The Cuban leader opined that the ultra-conservative sectors have the "sinister idea" of provoking an armed conflict between the U.S. and the Caribbean Island, with the hope of liquidating the Revolution.

"They forget that he who tries to take over Cuba will only collect the dust of an earth bathed in blood, if they don't die in battle," said Castro.

The dictator alleged that President George W. Bush arrived to power thanks to the disgraceful election fraud committed by the anti-Cuban groups in Florida, noting that the present hostility of the White House against the island is the result of the commitments acquired by the president with those exiles.

"A grateful man, (Bush) does not hide his commitments to the Miami Mafia and the promises he made to them at a meeting in Texas," said the Cuban leader. "Bush's pledge was to resolve the problem by physically eliminating me, something that after 40 years of aggression and crimes against Cuba did not surprise nor greatly concern me," he added.
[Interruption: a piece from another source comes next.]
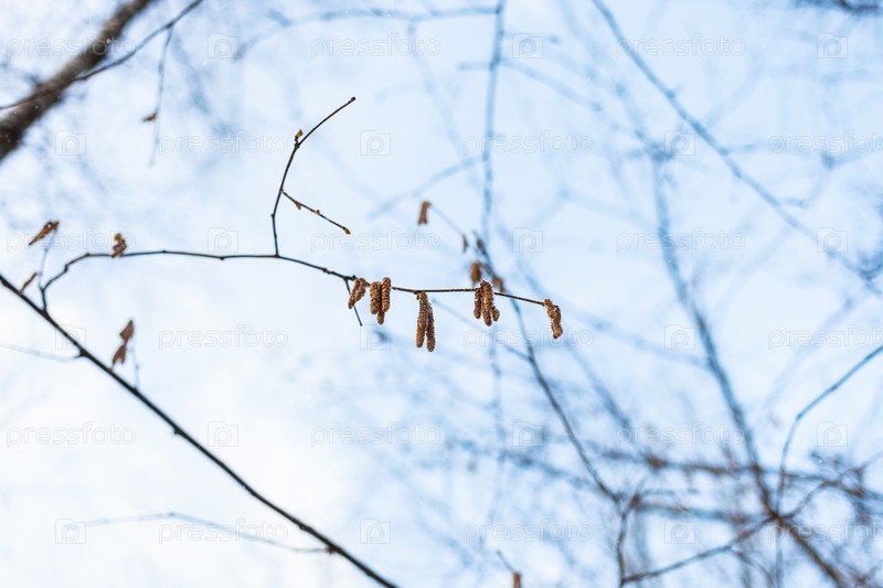 Веточка ольхи со свежими сережками и голубым небом

Castro said that a country is not conquered by armored divisions, thousands of tanks, helicopters, planes, dozens of aircraft carriers, bombers, fighters and tens of thousands of missiles -- assuring his country men that the mercenary groups in Miami would not last "as long as a cake at the door of a school. Tens of thousands of combatants will take the place of any superior who dies in a battle and none of the main Cuban leaders will ever surrender."

The Cuban president said that any war with the U.S. would not end with the occupation of the Island as it would just be the beginning.

In an apparent reference to cyber-war, Castro noted that the people already know the tactics and ways to struggle to reduce Washington's technological superiority to zero.